Kv1.5 channel mediates monosodium urate-induced activation of NLRP3 inflammasome in macrophages and arrhythmogenic effects of urate on cardiomyocytes

• Published in: Molecular biology reports Vol. 49; no. 7; pp. 5939 - 5952
• Main Authors: Li, Peili, Kurata, Yasutaka, Taufiq, Fikri, Kuwabara, Masanari, Ninomiya, Haruaki, Higaki, Katsumi, Tsuneto, Motokazu, Shirayoshi, Yasuaki, Lanaspa, Miguel A., Hisatome, Ichiro
• Format: Journal Article
• Language: English
• Published: Dordrecht Springer Netherlands 01.07.2022; Springer Nature B.V
• Subjects: Action potential; Animal Anatomy; Animal Biochemistry; Animals; Atrial Remodeling; Biomedical and Life Sciences; Cardiac arrhythmia; Cardiomyocytes; Caspase 1 - metabolism; Caspase-1; Cell activation; Fibrillation; Gout; Gout - drug therapy; Gout - metabolism; Gout - pathology; Heat shock; Histology; Hsp70 protein; Humans; IL-1β; Inflammasomes; Inflammasomes - metabolism; Interleukin-1beta - genetics; Kv1.5 Potassium Channel - metabolism; Life Sciences; Lipopolysaccharides; Lipopolysaccharides - pharmacology; Macrophages; Macrophages - metabolism; Mice; Molecular biology; Morphology; Myocytes; Myocytes, Cardiac - metabolism; NLR Family, Pyrin Domain-Containing 3 Protein - genetics; NLR Family, Pyrin Domain-Containing 3 Protein - metabolism; Original; Original Article; Phosphine; Plasma; Potassium channels (voltage-gated); Proteins; Rheumatism; siRNA; Uric acid; Uric Acid - metabolism; Uric Acid - pharmacology; Atrial myocytes; Monosodium urate; Kv1.5; NLRP3 inflammasome
• ISSN: 0301-4851; 1573-4978
• DOI: 10.1007/s11033-022-07378-1

Background Gout is usually found in patients with atrial fibrillation (AF). K+ efflux is a common trigger of NLRP3 inflammasome activation which is involved in the pathogenesis of AF. We investigated the role of the K+ channel Kv1.5 in monosodium urate crystal (MSU)-induced activation of the NLRP3 inflammasome and electrical remodeling in mouse and human macrophages J774.1 and THP-1, and mouse atrial myocytes HL-1. Methods and Results Macrophages, primed with lipopolysaccharide (LPS), were stimulated by MSU. HL-1 cells were incubated with the conditioned medium (CM) from MSU-stimulated macrophages.

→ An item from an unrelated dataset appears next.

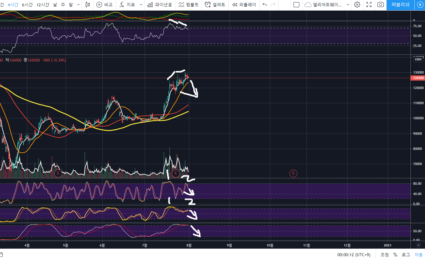 딱 그 구간에서 RSI 일반하락다이버전스와 스토캐스틱 하락시그널이 겹치고 있기에 신뢰도가 높아지네요.

Western blot, ELISA and patch clamp were used. MSU induced caspase-1 expression in LPS-primed J774.1 cells and IL-1β secretion, suggesting NLRP3 inflammasome activation. A selective Kv1.5 inhibitor, diphenyl phosphine oxide-1 (DPO-1), and siRNAs against Kv1.5 suppressed the levels of caspase-1 and IL-1β. MSU reduced intracellular K + concentration which was prevented by DPO-1 and siRNAs against Kv1.5. MSU increased expression of Hsp70, and Kv1.5 on the plasma membrane. siRNAs against Hsp70 were suppressed but heat shock increased the expression of Hsp70, caspase-1, IL-1β, and Kv1.5 in MSU-stimulated J774.1 cells. The CM from MSU-stimulated macrophages enhanced the expression of caspase-1, IL-1β and Kv1.5 with increased Kv1.5-mediated currents that shortened action potential duration in HL-1 cells. These responses were abolished by DPO-1 and a siRNA against Kv1.5. Conclusions Kv1.5 regulates MSU-induced activation of NLRP3 inflammasome in macrophages. MSUrelated activation of NLRP3 inflammasome and electrical remodeling in HL-1 cells are via macrophages. Kv1.5 may have therapeutic value for diseases related to gout-induced activation of the NLRP3 inflammsome, including AF.